Exercise data
________________________________________

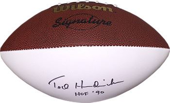 Ted Hendricks played nine seasons with the Raiders before retiring after the 1983 season. In the 1978 season Hendricks recorded a stellar season with 78 tackles, 6 sacks, 3 interceptions, 8 passes defensed and 2 fumble recoveries. The defense tied for 4th in most interceptions in the NFL and scored 4 defensive touchdowns which tied them for 2nd most in the NFL. They were tied for 10th in fewest points allowed as well. Again, for the third consecutive season, Ted was second-team All-Pro in 1978. Ted Hendricks has hand autographed this Wilson Signature football (3 White Panels and 1 Brown Panel) with HOF 90 inscription. Certificate of Authenticity from Athlon Sports Collectibles.
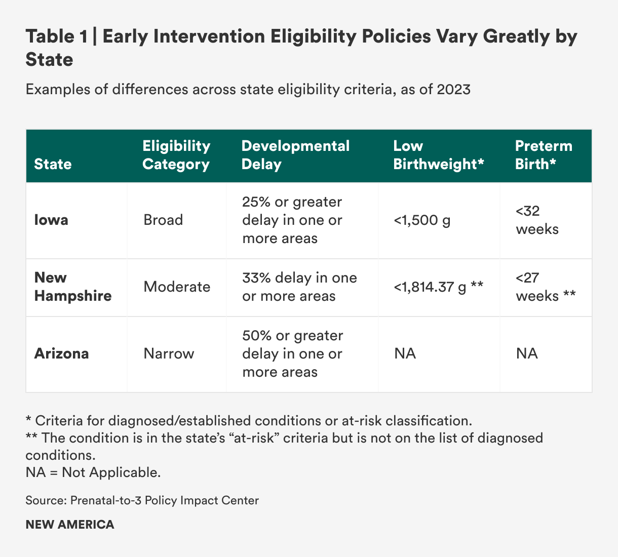 - “Variation Across States in Criteria Used to Determine Eligibility for Early Intervention Services,” Prenatal-to-3 Policy Impact Center, Vanderbilt University, source.
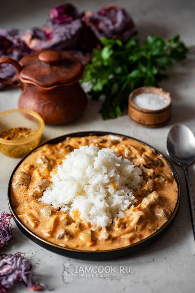 На порционную тарелку выкладываем сначала отваренный рис, а затем выкладываем гуляш. Подаем гуляш из говядины с рисом и подливкой к столу. Приятного аппетита!
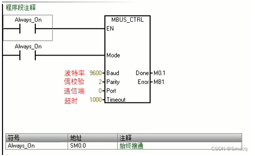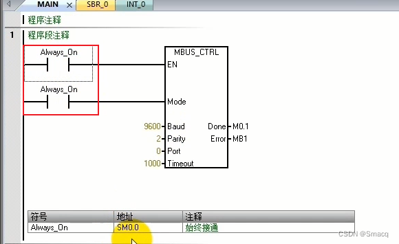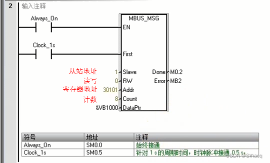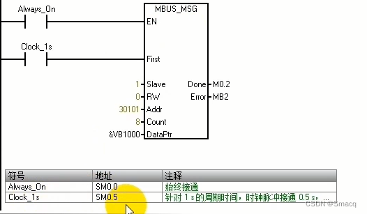 SM0.5表示提供一个周期为1秒钟的时钟脉冲,0.5秒为1,0.5秒为0,与它连接的参数First我们之后说明。

________________________________________

Type out the data above once more, exactly, with no images included.

 Ted Hendricks played nine seasons with the Raiders before retiring after the 1983 season. In the 1978 season Hendricks recorded a stellar season with 78 tackles, 6 sacks, 3 interceptions, 8 passes defensed and 2 fumble recoveries. The defense tied for 4th in most interceptions in the NFL and scored 4 defensive touchdowns which tied them for 2nd most in the NFL. They were tied for 10th in fewest points allowed as well. Again, for the third consecutive season, Ted was second-team All-Pro in 1978. Ted Hendricks has hand autographed this Wilson Signature football (3 White Panels and 1 Brown Panel) with HOF 90 inscription. Certificate of Authenticity from Athlon Sports Collectibles.
 - “Variation Across States in Criteria Used to Determine Eligibility for Early Intervention Services,” Prenatal-to-3 Policy Impact Center, Vanderbilt University, source.
 На порционную тарелку выкладываем сначала отваренный рис, а затем выкладываем гуляш. Подаем гуляш из говядины с рисом и подливкой к столу. Приятного аппетита!
 SM0.5表示提供一个周期为1秒钟的时钟脉冲,0.5秒为1,0.5秒为0,与它连接的参数First我们之后说明。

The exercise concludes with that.